### [Available data]
______

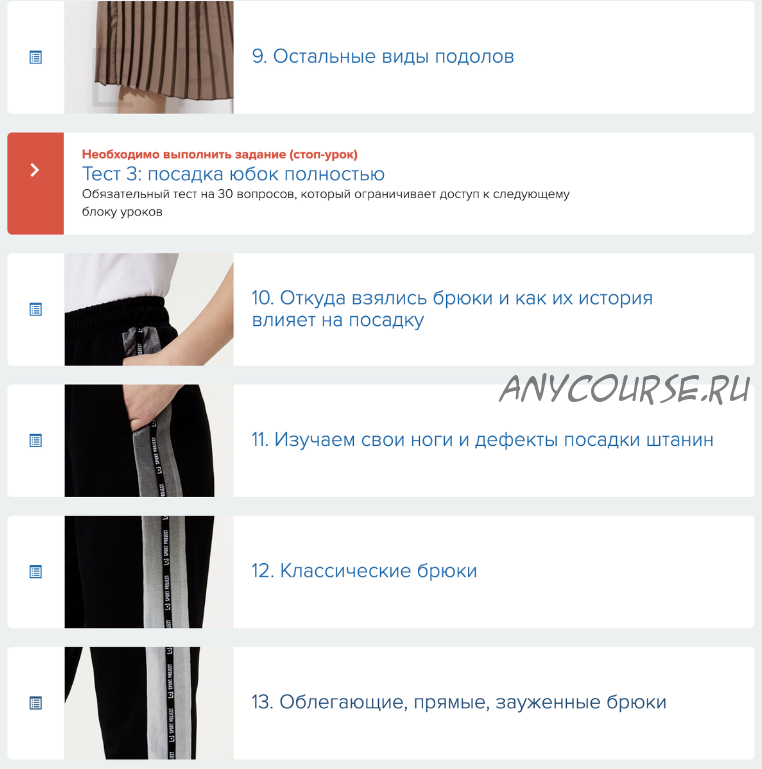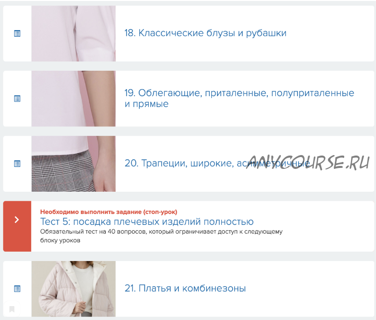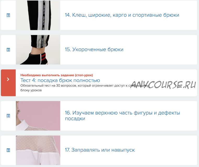 Здесь полученные знания будут закрепляться на практике с помощью довольно объемных тестов, которые позволят вам увидеть примеры хорошей и плохой посадки одежды с разных ракурсов, в больших количествах и все это крепко запомнить.
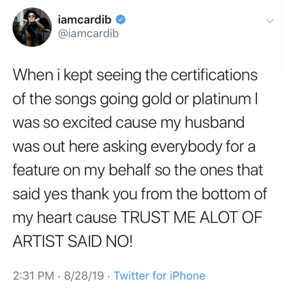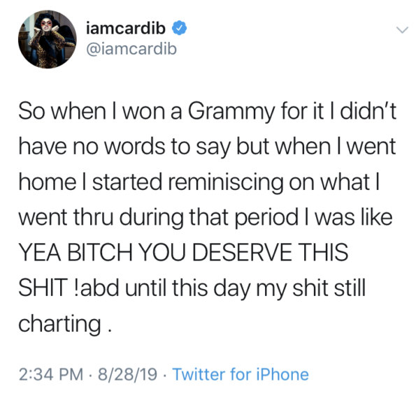 We’re so proud of you, Cardi B!
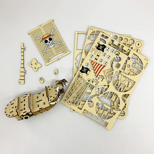 Ki-gu-mi 木製 3D 拼圖 海賊王 Going Merry 船 DIY 教育玩具
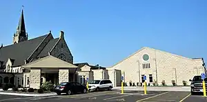 Bracke-Hayes-Miller-Mahon Architects (BHMM) of Davenport began working with the parish in 2012 to develop a plan to update the parish facilities. A new handicap-accessible entrance on the east side of the cathedral was completed in January 2013. In September 2016 construction began on the new hall immediately behind the cathedral. It includes a gathering space, restrooms, a handicap-accessible entrance on the west side, a reception hall, and classrooms.[28] Mark Miller was the principal architect and Swanson Construction of Bettendorf was the contractor. The hall was dedicated by Bishop Thomas Zinkula on November 19, 2017. It was named for parishioners Weir and Pat Sears who gave the first $1 million for the $7 million project.[29] The gathering space was named in honor of Antoine and Marguerite LeClaire. A new parking lot completed the project.

______

### [Assignment]
Leave the pictures out and copy exactly the lines from the one that holds "Ki-gu-mi 木製 3D 拼圖 海賊王 Going Merry 船 DIY 教育玩具" through the last line of the material.

### [Task result]
 Ki-gu-mi 木製 3D 拼圖 海賊王 Going Merry 船 DIY 教育玩具
 Bracke-Hayes-Miller-Mahon Architects (BHMM) of Davenport began working with the parish in 2012 to develop a plan to update the parish facilities. A new handicap-accessible entrance on the east side of the cathedral was completed in January 2013. In September 2016 construction began on the new hall immediately behind the cathedral. It includes a gathering space, restrooms, a handicap-accessible entrance on the west side, a reception hall, and classrooms.[28] Mark Miller was the principal architect and Swanson Construction of Bettendorf was the contractor. The hall was dedicated by Bishop Thomas Zinkula on November 19, 2017. It was named for parishioners Weir and Pat Sears who gave the first $1 million for the $7 million project.[29] The gathering space was named in honor of Antoine and Marguerite LeClaire. A new parking lot completed the project.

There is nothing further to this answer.